* _ABOUT THIS TASK_: If an entry holds a picture, leave the picture out and copy the rest exactly.

* _Collected data_:
════════════════
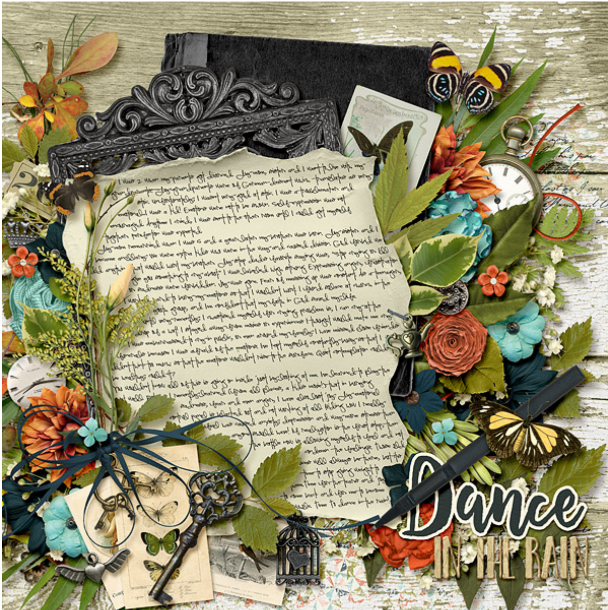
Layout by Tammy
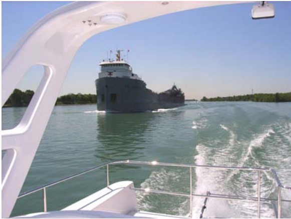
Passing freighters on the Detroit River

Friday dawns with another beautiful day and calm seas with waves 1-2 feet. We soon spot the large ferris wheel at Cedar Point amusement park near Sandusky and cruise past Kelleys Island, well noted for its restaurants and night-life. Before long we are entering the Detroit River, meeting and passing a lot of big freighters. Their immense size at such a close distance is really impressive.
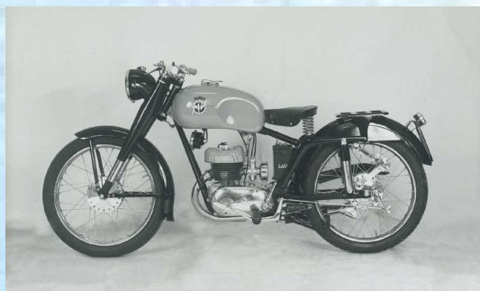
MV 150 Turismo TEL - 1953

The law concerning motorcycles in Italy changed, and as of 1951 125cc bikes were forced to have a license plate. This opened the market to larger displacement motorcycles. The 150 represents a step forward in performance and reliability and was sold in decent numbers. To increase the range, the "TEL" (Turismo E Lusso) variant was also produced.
════════════════
* _OUTPUT OF THE EXERCISE_:
Layout by Tammy
Passing freighters on the Detroit River

Friday dawns with another beautiful day and calm seas with waves 1-2 feet. We soon spot the large ferris wheel at Cedar Point amusement park near Sandusky and cruise past Kelleys Island, well noted for its restaurants and night-life. Before long we are entering the Detroit River, meeting and passing a lot of big freighters. Their immense size at such a close distance is really impressive.
MV 150 Turismo TEL - 1953

The law concerning motorcycles in Italy changed, and as of 1951 125cc bikes were forced to have a license plate. This opened the market to larger displacement motorcycles. The 150 represents a step forward in performance and reliability and was sold in decent numbers. To increase the range, the "TEL" (Turismo E Lusso) variant was also produced.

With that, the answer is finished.